Today, I was at the Colorado New Energy Economy Conference, and I saw Neal’s "disruptive policy" coming in the form of Denver’s new Strategic Transportation Plan.  According to Bill Vidal, of Denver Public Works, Denver transportation planning has taken a new focus.  No longer will Denver transportation be car-centric.  It will instead focus on moving people, goods, and info, becoming more multi-modal.  A move to multi-modal transport will not be good for car companies.  While Denver may be on the forefront of progressive transportation, they are not the only ones, and a slowing economy is as much a driver of multi-modal transportation options as is a rising oil price.

So while I don’t like any of the car companies in the Wise Energy Use Index, there is a bus company I like. 

Nissan (NASD:NSANY).   Financial data from 1Q 2008.  First quarter operating income was a positive 80 Billion yen, and they have a current ratio is about 1.3.  This is not bad, but I’d spend a lot more time scrutinizing their financing needs over the next few years before I would invest, if I were so inclined.  Nissan may be looking into electric vehicles, but if few people are buying any vehicles, how much will that help the company?

Mitsubishi Motors (MMTOF.PK).   Financial data from 1Q 2008.  Although Mitsubishi had positive operating income of about 10 billion yen in the first quarter, current liabilities exceeded current assets, with a current ratio of 0.87.  This might not be a reason to worry in ordinary times, but we are not living in ordinary times.

Toyota Motor (NYSE:TM).  Toyota’s current ratio is almost exactly 1, but they did have operating cash flow of $30 Billion in the first quarter.  Like Nissan, Toyota may be able to survive without tapping the financial markets for a while, but I’m still uncomfortable owning any auto firm, even a progressive one such as Toyota.  Also like Nissan, I’d take a hard look at the next few years’ financing needs before I decided to invest, if I were so inclined.

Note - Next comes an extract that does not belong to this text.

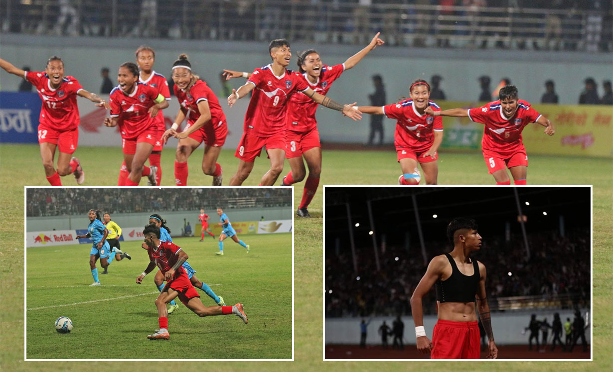 दशरथ रङ्गशालामा आइतबार राति भएको तनावपूर्ण सेमिफाइनल खेलमा भारतलाई टाइब्रेकरमा ४–२ ले हराउँदै नेपाल फाइनलमा प्रवेश गरेको हो । निर्धारित ९० मिनेटको खेल १–१ को बराबरीमा सकिएपछि खेलको निर्णय सोझै टाइब्रेकरबाट गरिएको हो ।

Ener1 (AMEX:HEV).  Battery, Fuel Cell, and Nanotech company Ener1 is not one I’ve considered before, partly because the ticker and company description make me think that they’re slick marketers, while I’m more interested in boring companies that don’t know how to get investors interested in their story.  Nevertheless, their technology is not totally tied to cars, and they have a fairly solid balance sheet with a current ratio of 7.7.  Their current assets less current liabilities are slightly larger than their twelve month operating cash loss, and they have no debt.  Ener1 should be able to survive for about a year without going to the capital markets again for new financing, so if you’re betting on a quick resolution of the financial crisis, this is a company you might consider for your wise energy use portfolio.  I will not be making that bet.

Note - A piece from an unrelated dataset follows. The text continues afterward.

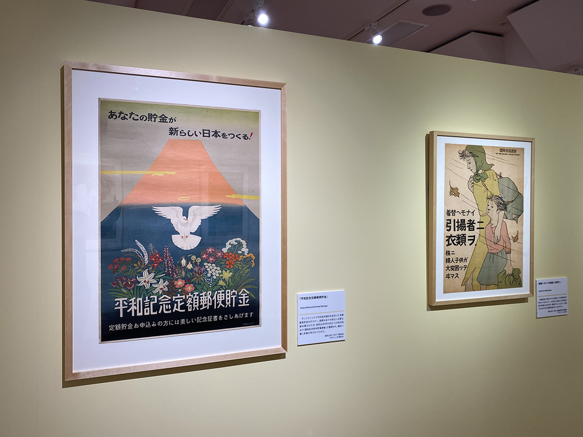 (左から)「平和記念定額郵便貯金」昭和26年(1951)デザイン:杉浦非水 / 「着替へモナイ引揚者ニ衣類ヲ.」昭和20年(1945)デザイン:山名文夫
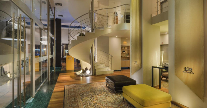 Această proprietate de 5 stele se află în Heraklion (Creta) și oferă unități de cazare cu aer condiționat și o piscină în aer liber, cu șezlonguri și umbrele de soare. Facilitățile de la Gdm Megaron includ sală de fitness și business center. Proprietatea are, de asemenea, servicii de recepție cu program non - stop și închirieri auto. Se oferă acces gratuit la internet Wi-fi în spațiile publice. Parcarea este disponibilă la proprietate gratuit.

A123 – This widely acclaimed lithium-ion battery company is private, and so not available to stock market investors, nor dues it publish financial statements.  They are planning an IPO, but until the prospectus is available, I won’t be able to say anything about the financials.  Unless markets improve, I don’t expect the IPO to take place.

DISCLOSURE: Tom Konrad has no position in any of these companies.

DISCLAIMER: The information and trades provided here are for informational purposes only and are not a solicitation to buy or sell any of these securities. Investing involves substantial risk and you should evaluate your own risk levels before you make any investment. Past results are not an indication of future performance. Please take the time to read the full disclaimer here.  


  1. The disruptive policy will come when California taxes carbon emission. Carbon trading is just around the corner. Our governments will not be able to resist the tax stream.

  2. Tom,
    I’ve bought JCI because of their efficiency business. Why doesn’t the business JCI does with automakers make them a risky investment?

  3. As we’ve seen recently, every stock market investment is a risky investment.
    I do think that the auto focus of JCI is a downside, since many fewer cars will be sold.
    The question is, will the upside in EE and the opportunity to buy other battery makers at distressed prices make up for losses in the automotive market?